- [Provided information]:
--------------------

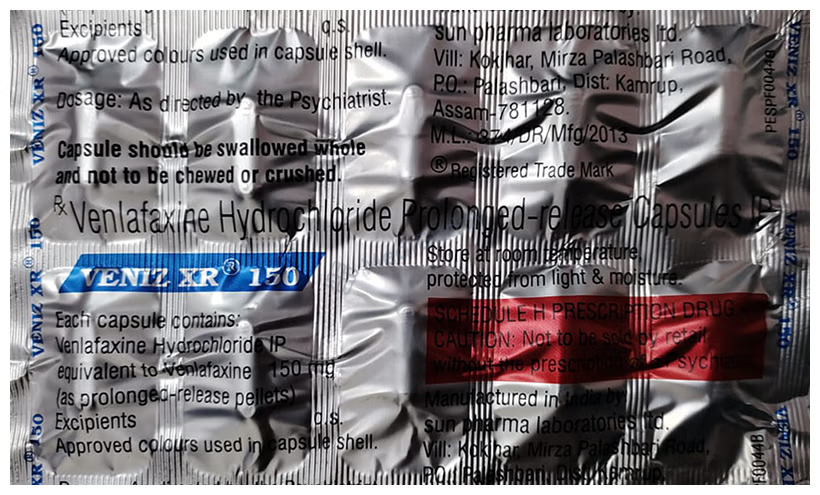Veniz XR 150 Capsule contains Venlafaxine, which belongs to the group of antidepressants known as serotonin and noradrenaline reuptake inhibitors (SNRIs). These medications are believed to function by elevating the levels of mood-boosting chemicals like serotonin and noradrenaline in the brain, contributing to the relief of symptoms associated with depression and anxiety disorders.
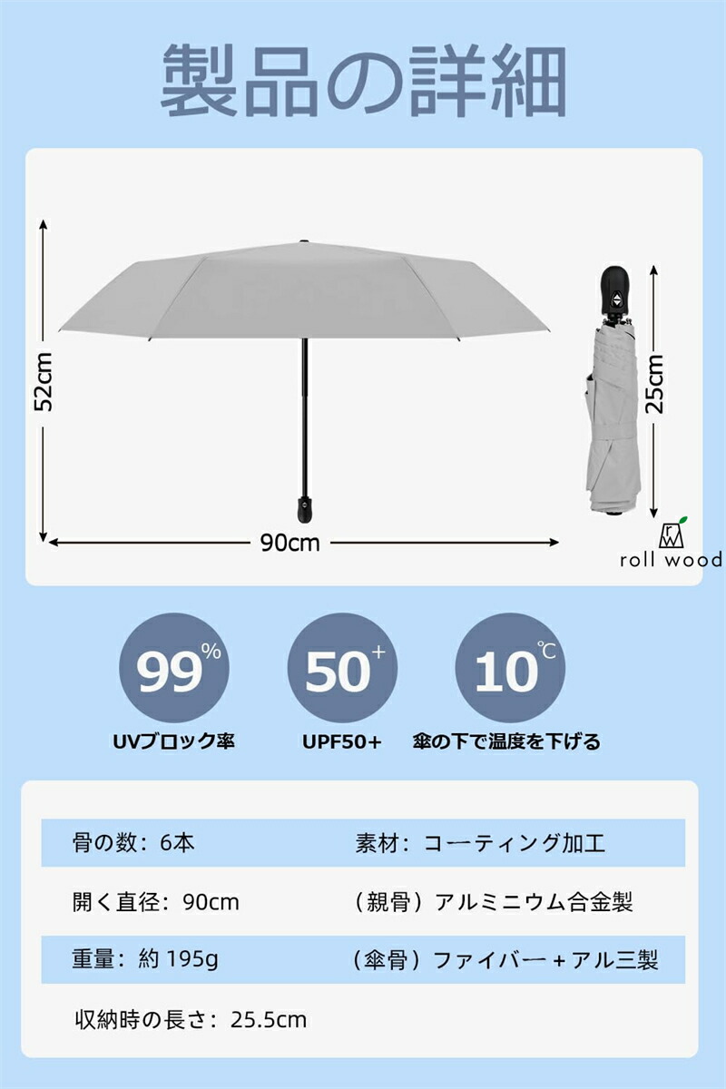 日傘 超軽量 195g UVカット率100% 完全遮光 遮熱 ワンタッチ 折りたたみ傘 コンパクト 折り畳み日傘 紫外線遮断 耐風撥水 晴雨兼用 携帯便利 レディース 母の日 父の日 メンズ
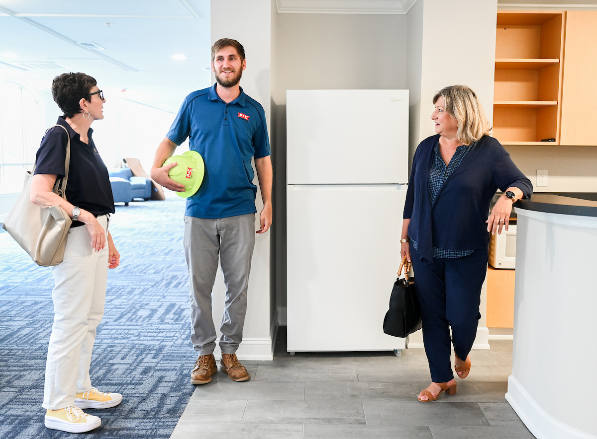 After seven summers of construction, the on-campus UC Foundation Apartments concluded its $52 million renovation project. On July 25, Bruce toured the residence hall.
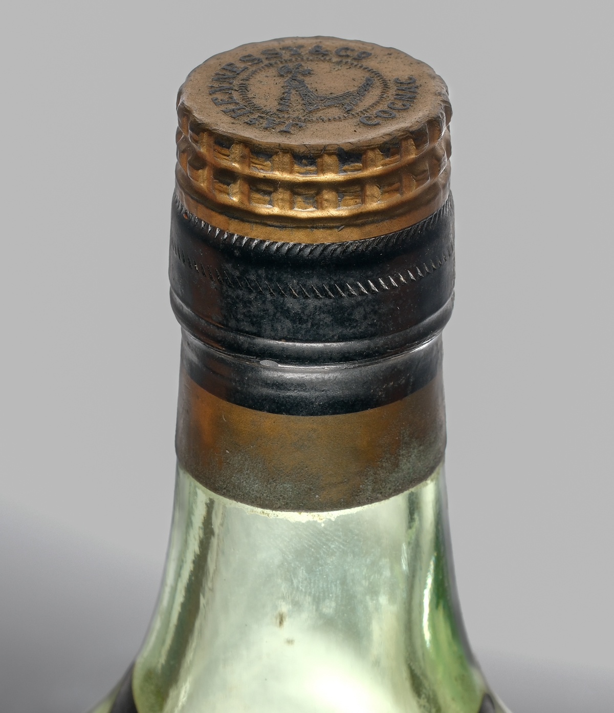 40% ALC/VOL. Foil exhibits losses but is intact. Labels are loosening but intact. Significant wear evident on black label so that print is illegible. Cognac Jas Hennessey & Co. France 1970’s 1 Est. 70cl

--------------------

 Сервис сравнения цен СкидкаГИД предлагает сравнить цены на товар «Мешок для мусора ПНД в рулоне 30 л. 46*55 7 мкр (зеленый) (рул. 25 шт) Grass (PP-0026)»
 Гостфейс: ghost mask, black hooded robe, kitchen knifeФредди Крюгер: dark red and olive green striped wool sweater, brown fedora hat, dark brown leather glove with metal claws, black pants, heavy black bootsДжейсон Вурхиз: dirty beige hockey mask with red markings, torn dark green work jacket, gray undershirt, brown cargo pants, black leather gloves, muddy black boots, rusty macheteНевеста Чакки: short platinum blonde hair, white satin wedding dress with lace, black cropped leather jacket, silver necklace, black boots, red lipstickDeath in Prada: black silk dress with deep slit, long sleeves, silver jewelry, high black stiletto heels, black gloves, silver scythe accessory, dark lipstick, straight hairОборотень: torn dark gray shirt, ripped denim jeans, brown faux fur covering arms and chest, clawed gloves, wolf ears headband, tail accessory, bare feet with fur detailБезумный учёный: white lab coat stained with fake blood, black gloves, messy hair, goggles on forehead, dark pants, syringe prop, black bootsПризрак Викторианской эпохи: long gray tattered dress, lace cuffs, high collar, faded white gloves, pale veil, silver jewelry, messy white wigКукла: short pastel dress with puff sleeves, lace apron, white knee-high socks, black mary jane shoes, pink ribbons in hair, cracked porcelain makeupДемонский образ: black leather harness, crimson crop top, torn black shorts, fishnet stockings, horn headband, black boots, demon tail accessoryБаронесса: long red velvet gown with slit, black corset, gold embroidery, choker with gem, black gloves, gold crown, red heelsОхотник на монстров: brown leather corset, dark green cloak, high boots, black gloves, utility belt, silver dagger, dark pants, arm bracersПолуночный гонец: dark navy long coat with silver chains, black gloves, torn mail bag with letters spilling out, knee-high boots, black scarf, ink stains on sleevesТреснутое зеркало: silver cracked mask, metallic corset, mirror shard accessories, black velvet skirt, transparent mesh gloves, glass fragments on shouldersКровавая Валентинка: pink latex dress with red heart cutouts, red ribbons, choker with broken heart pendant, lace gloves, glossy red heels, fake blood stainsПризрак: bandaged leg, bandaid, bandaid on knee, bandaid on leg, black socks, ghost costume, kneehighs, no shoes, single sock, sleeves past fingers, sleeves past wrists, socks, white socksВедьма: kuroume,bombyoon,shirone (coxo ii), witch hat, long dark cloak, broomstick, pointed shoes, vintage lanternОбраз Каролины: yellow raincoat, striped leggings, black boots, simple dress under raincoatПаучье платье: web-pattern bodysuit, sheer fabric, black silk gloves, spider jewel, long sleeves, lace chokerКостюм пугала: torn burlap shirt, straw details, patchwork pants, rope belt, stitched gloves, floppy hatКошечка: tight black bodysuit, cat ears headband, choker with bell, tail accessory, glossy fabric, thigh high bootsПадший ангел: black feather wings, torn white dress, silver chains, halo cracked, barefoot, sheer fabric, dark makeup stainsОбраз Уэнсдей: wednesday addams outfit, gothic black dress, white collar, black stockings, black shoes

--------------------

- [Your assignment]: The copy should hold exactly the lines above from the one with "日傘 超軽量 195g" through the one with "40% ALC/VOL. Foil", both ends counted, and no pictures at all.

- [Finished exercise]:
 日傘 超軽量 195g UVカット率100% 完全遮光 遮熱 ワンタッチ 折りたたみ傘 コンパクト 折り畳み日傘 紫外線遮断 耐風撥水 晴雨兼用 携帯便利 レディース 母の日 父の日 メンズ
 After seven summers of construction, the on-campus UC Foundation Apartments concluded its $52 million renovation project. On July 25, Bruce toured the residence hall.
 40% ALC/VOL. Foil exhibits losses but is intact. Labels are loosening but intact. Significant wear evident on black label so that print is illegible. Cognac Jas Hennessey & Co. France 1970’s 1 Est. 70cl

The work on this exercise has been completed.